### PROBLEM DETAILS
Restate exactly the lines that run from the start of the records below to the line containing "考研学子们纷纷驻足,或写下心", counting both ends, and nothing else; pictures stay out.

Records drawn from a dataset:
_ _ _ _ _

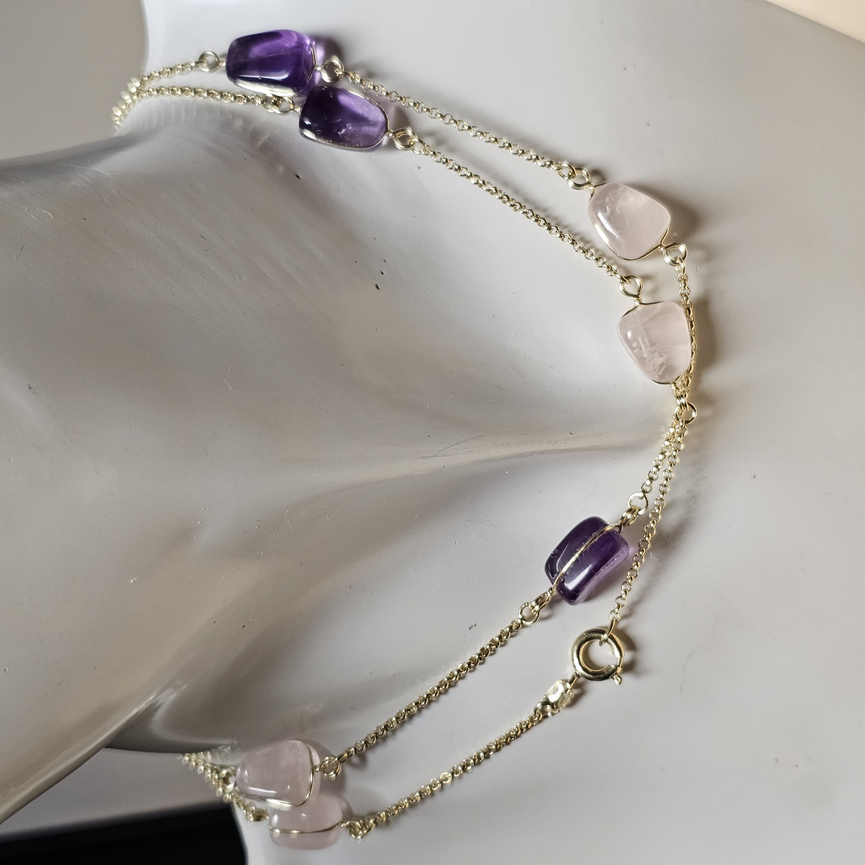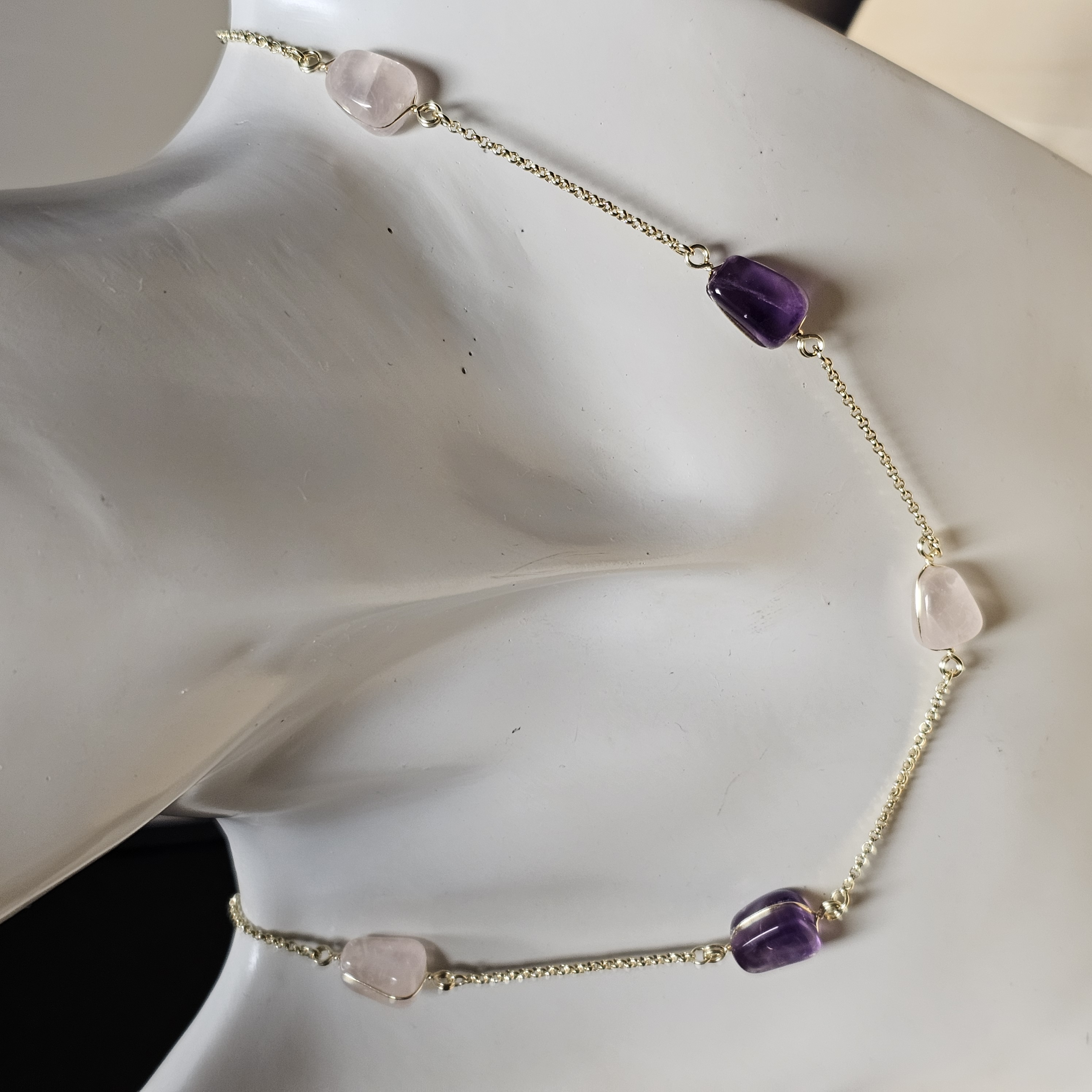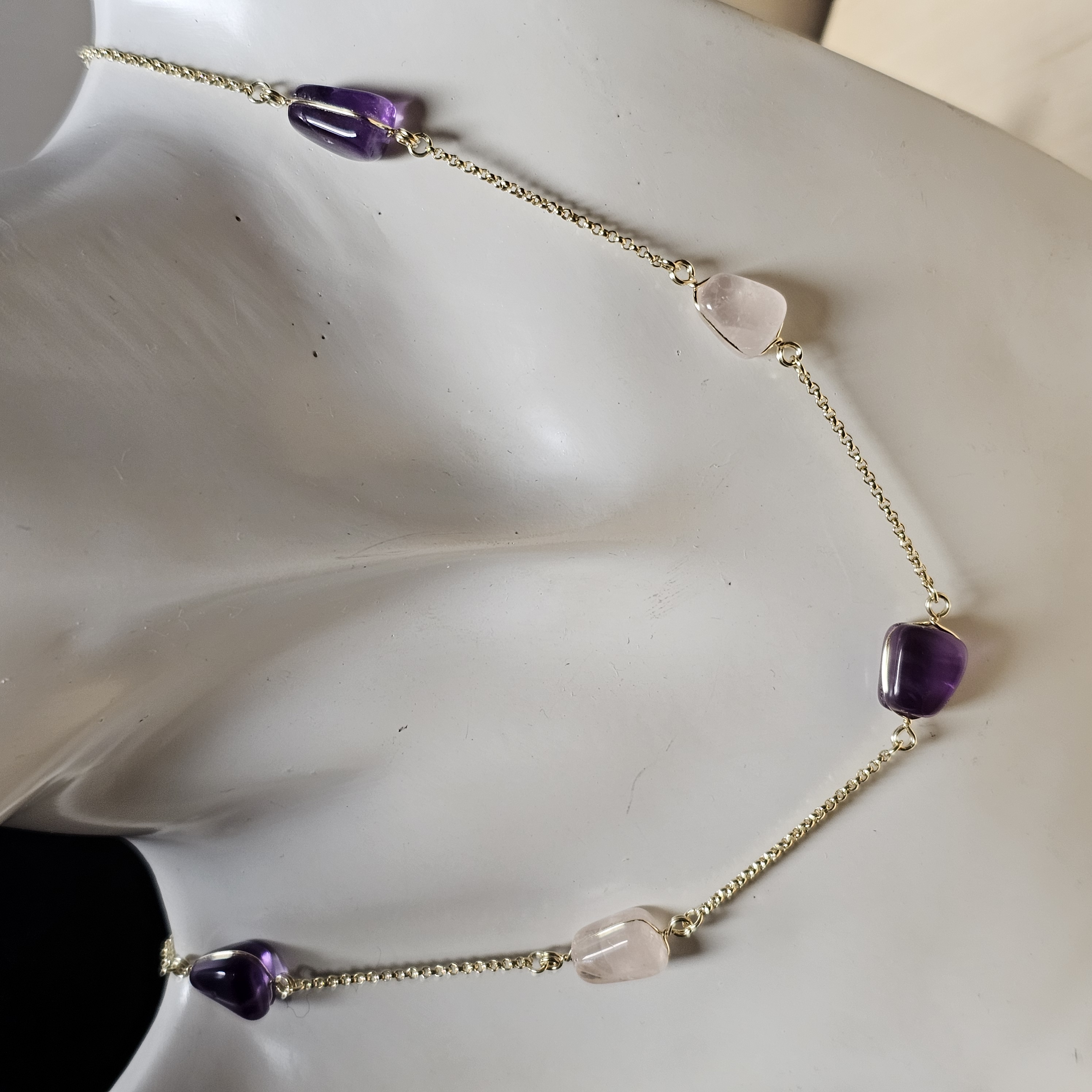 Schöne Kette / Gliederkette American Doublé vergoldet, abwechselnd mit Amethyst & Rosenquarz Steinen besetzt. Ein hübsches Vintage-Schmuckstück.
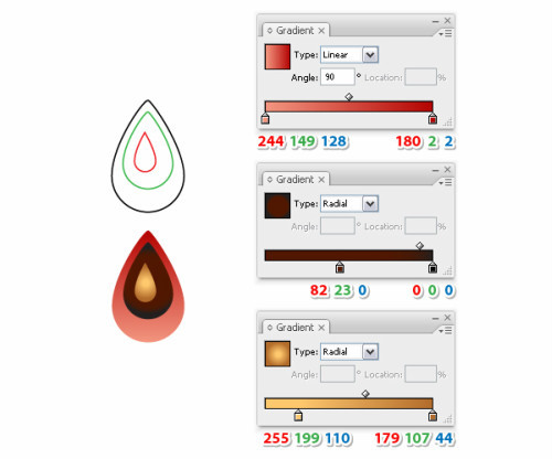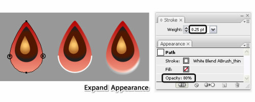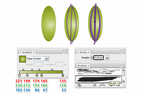 三步就能完成此操作。选择椭圆工具,填充放射状渐变,然后用钢笔工具画三条路径如图。,使用艺术笔刷来描边这个路径,"brush1"设置大小"0.25Pt".
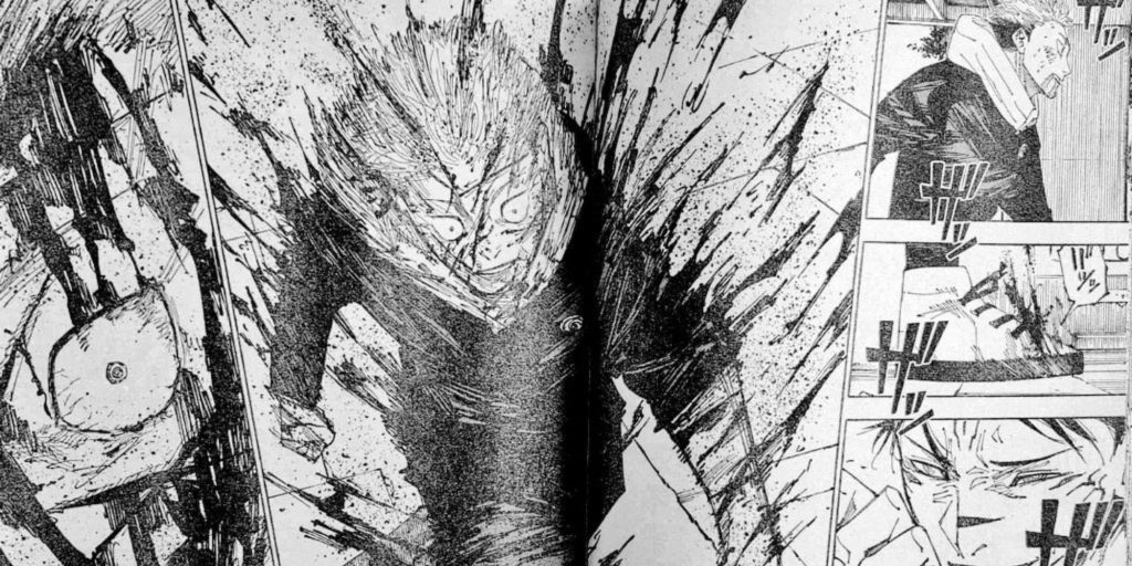 Yuji grita com Sukuna, explicando por que caras como ele não podem viver adequadamente e por que espalham a miséria. Sukuna usa seu ataque Cleave em Yuji e responde, por que os humanos são tão fracos e ainda se apegam tanto à vida? Seu ataque fere Yuji gravemente. Sukuna continua a repreendê-lo, afirmando que criaturas fracas como ele devem apenas mastigar a miséria que se ajusta à sua estatura por toda a vida. Isso enfurece Yuji, e ele responde: “Então tente mastigar um pouco de miséria para si mesmo”, após o que ele se move em direção a ele com raiva enquanto Sukuna corta seu corpo com o ataque de Cleave continuamente.
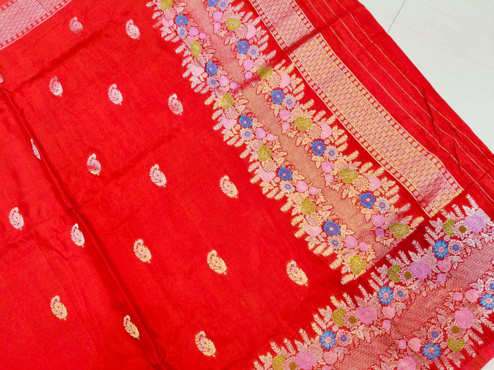 Red and Orange Striped Saree with Embroidered Blouse Piece
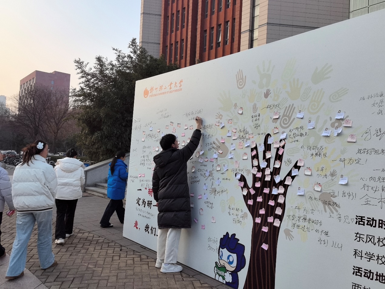考研学子们纷纷驻足,或写下心仪的目标院校张贴于“枝头”,或随机抽取一张承载着陌生却真诚鼓励的祝福签,收获一份暖心奖品与前行力量。定制的手持加油板也吸引了众多同学拍照留念,定格下考研路上这份特别的鼓舞。郑州轻工业大学图书馆视频号同步现场直播,吸引了近3000名观众收看。
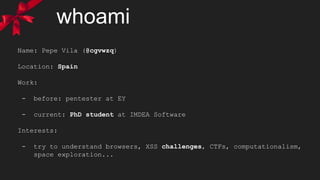 The document discusses a security challenge focused on exploiting XSS (Cross-Site Scripting) vulnerabilities across several PHP files (index.php, token.php, index2.php, index3.php). It details the author's approach, strategies, and outcomes while attempting to bypass anti-XSS measures and generate successful payloads for the challenge. Additionally, it includes snippets of code and ideas for effective exploitation techniques, emphasizing trial and error in the learning process.
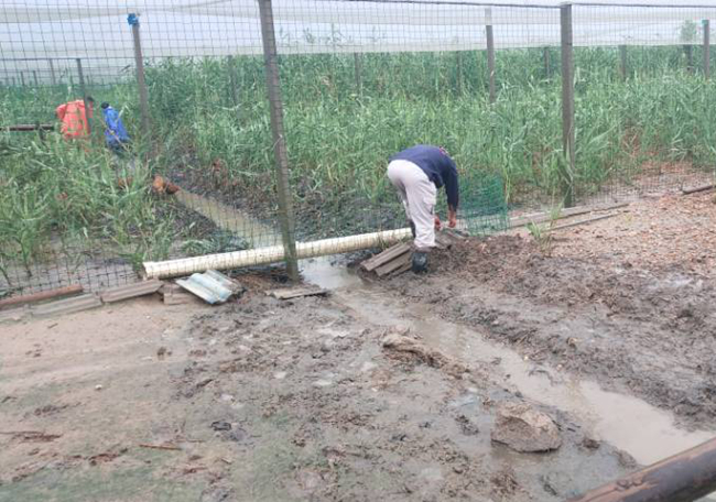 近期雨水較多,種養(yǎng)中心利用雨水天氣,配合施工單位避開高溫進行排水道清理。將原排水河道清淤治理,并對排水河道采取鐵絲網(wǎng)加固加牢的措施,確保雨水期間雞舍排水系統(tǒng)暢通。(田鐘超)
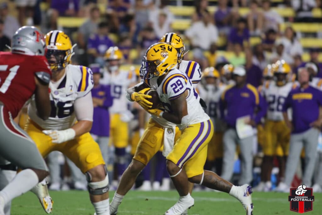 Kyren Lacy also had a monster game as the Tigers’ number one receiver. He and Nussmeier showed why this QB1/WR1 connection is going to be lethal throughout the course of the season. The Thibodaux product finished the game with five grabs for 65 yards and three touchdowns. Zavion Thomas was the third receiver to score his first receiving touchdown as a Tiger to complete the scoring.
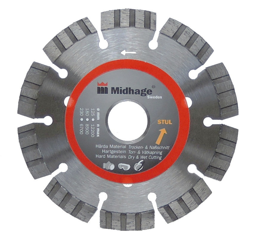 Lasersvetsad segmentklinga med spår för kylning och dammtransport, extra robust. Mycket god skärförmåga i hårda material. Grovt snitt. Lång livslängd. Avsedd för extremt hård natursten, flinta, vit granit, röd granit, Tranås-
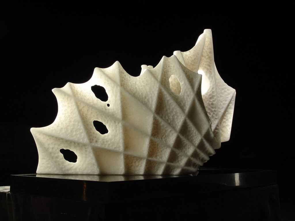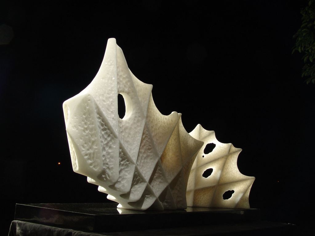 曙光乍現,波光粼粼,迎向陽光的禮讚,生命精采美妙。作品採用兩片式的組合形式,將光線、水波、及折射的效果,以意象的形式呈現,透過光影的層次效果變化,使作品更顯生動豐富。以不同的視點,詮釋海平面,期望以不同的角度看待人生。
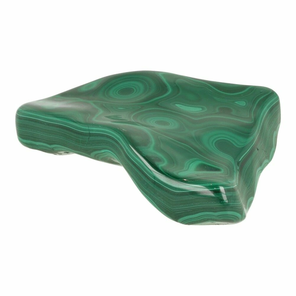 Prachtige diepgroene malachiet gepolijst uit Democratische Republiek Congo. Dit stuk gepolijste malachiet heeft een fraaie fijne tekening aan beide zijdes. Doordat de bolle groeivorm is gepolijst zijn de fraaie ronde lijnpatronen goed zichtbaar, en op de smalle zijde de laagjes waaruit de malachiet is opgebouwd. Dit stuk heeft een bijzondere donkere kleur groen en een grillige achterzijde met veel kleine natuurlijke holtes. De afmeting van dit fijne stuk malachiet is circa 13cm lang 11cm breed en 3cm hoog. Je ontvangt de malachiet gepolijst van de foto.
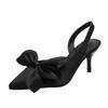 Летние туфли на высоком каблуке Женские летние туфли Атласные босоножки с бантом и цветком Baotou
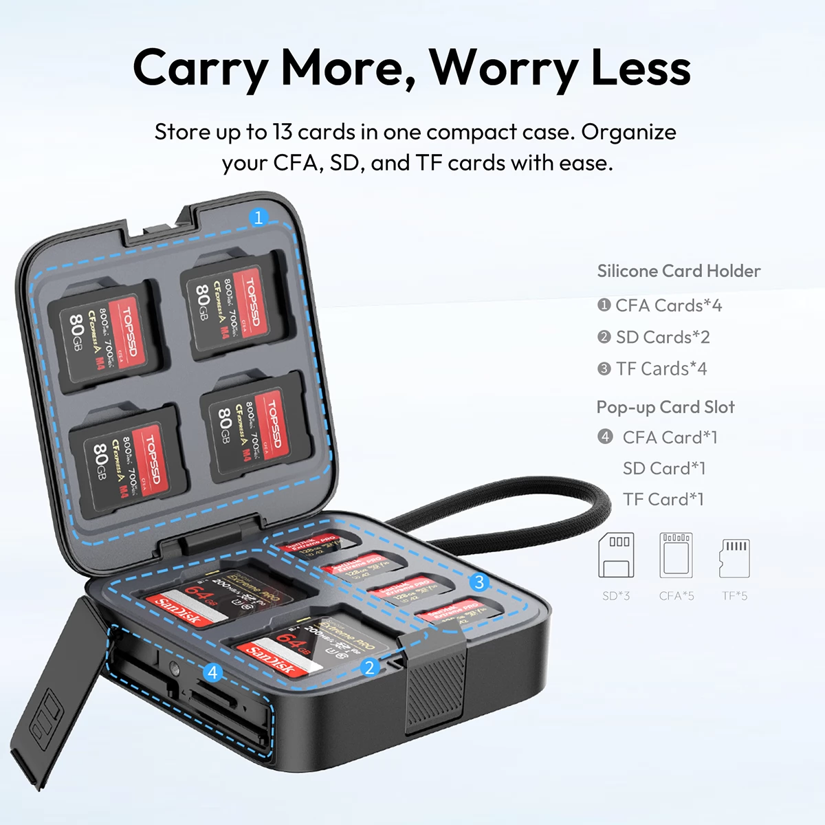 - Beépített tárolás: akár 13 memóriakártya rendszerezett elhelyezésére alkalmas
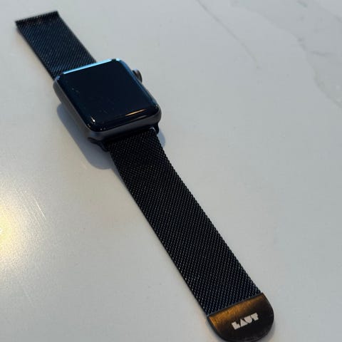 Selger en som ny Milanese Loop Band i sort, kompatibel med Apple Watch 49mm / 46mm / 45mm / 44mm. Reimen er brukt et par ganger og kommer i original eske.
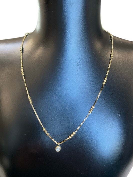 Gold Mini Pave Coin Pendant Chain Necklace
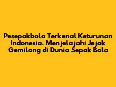 Pesepakbola terkenal keturunan Indonesia telah membuktikan bahwa darah Indonesia mampu berbicara di kancah dunia. Dengan dedikasi, kerja keras, dan semangat juang yang tinggi, mereka telah mengukir sejarah dalam dunia sepak bola. Mereka tidak hanya meraih kesuksesan pribadi, tetapi juga menginspirasi generasi muda Indonesia untuk bermimpi dan berjuang meraih kesuksesan. Mereka adalah bukti nyata bahwa tidak ada yang tidak mungkin jika kita memiliki impian dan kemauan untuk bekerja keras.
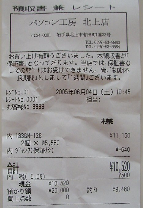 メモリはノーブランド128MBが¥5580円/個、いらなくなったメモリ64MBは買い取ってもらって¥320円/個、工賃¥1500円はまけてくれた。
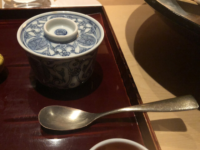 全てをよく混ぜてお召し上がりください、とのこと。白子天麩羅、フォアグラ天麩羅、聖護院蕪、海老芋は良いけど、黒トリュフってどうなるのかしら、と半信半疑ながら言われたとおりによく混ぜます。美味しいです。懸念していたトリュフが主張しすぎることもなく、渾然一体と、冬にぴったりの温かさ。
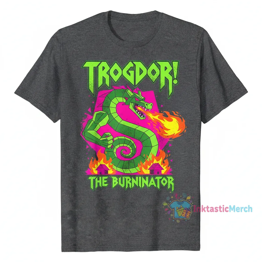 This Trogdor the Burninator t-shirt isn’t just a graphic tee; it’s a conversation starter and a statement piece. It embodies a nostalgic charm and a bold, artistic flair that instantly elevates any casual outfit. Whether you’re pairing it with your favorite jeans for a day out, layering it under a jacket for a cool evening, or rocking it at your next convention, this shirt brings a unique lifestyle vibe. It’s a reminder to embrace the fun, the quirky, and the legendary, making it an indispensable addition to your collection.
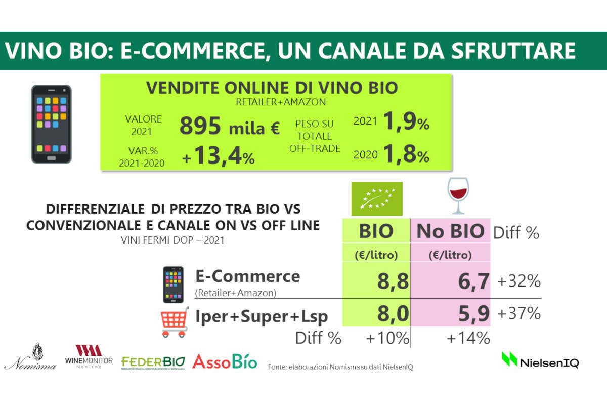 Degno di nota è poi l’e-commerce: nonostante l’online rappresenti appena il 2% del canale off-trade e le vendite abbiano decelerato rispetto al boom del 2020, gli acquisti online continuano a crescere a doppia cifra (+13,4% rispetto al 2020) e ad orientarsi su prodotti di fascia di prezzo superiore. Il differenziale rispetto al vino bio venduto negli scaffali di iper e supermercati è difatti del 10%.
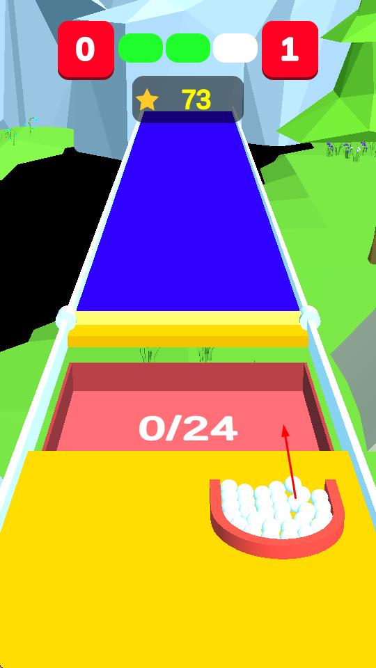 3、随着游戏推进,赛道颜色和布局会发生变化,如出现蓝色赛道,同时下方的收集区域会显示需要收集的白色物体数量,需持续发射白色物体。

_ _ _ _ _

### WRITTEN REPLY
 Schöne Kette / Gliederkette American Doublé vergoldet, abwechselnd mit Amethyst & Rosenquarz Steinen besetzt. Ein hübsches Vintage-Schmuckstück.
 三步就能完成此操作。选择椭圆工具,填充放射状渐变,然后用钢笔工具画三条路径如图。,使用艺术笔刷来描边这个路径,"brush1"设置大小"0.25Pt".
 Yuji grita com Sukuna, explicando por que caras como ele não podem viver adequadamente e por que espalham a miséria. Sukuna usa seu ataque Cleave em Yuji e responde, por que os humanos são tão fracos e ainda se apegam tanto à vida? Seu ataque fere Yuji gravemente. Sukuna continua a repreendê-lo, afirmando que criaturas fracas como ele devem apenas mastigar a miséria que se ajusta à sua estatura por toda a vida. Isso enfurece Yuji, e ele responde: “Então tente mastigar um pouco de miséria para si mesmo”, após o que ele se move em direção a ele com raiva enquanto Sukuna corta seu corpo com o ataque de Cleave continuamente.
 Red and Orange Striped Saree with Embroidered Blouse Piece
考研学子们纷纷驻足,或写下心仪的目标院校张贴于“枝头”,或随机抽取一张承载着陌生却真诚鼓励的祝福签,收获一份暖心奖品与前行力量。定制的手持加油板也吸引了众多同学拍照留念,定格下考研路上这份特别的鼓舞。郑州轻工业大学图书馆视频号同步现场直播,吸引了近3000名观众收看。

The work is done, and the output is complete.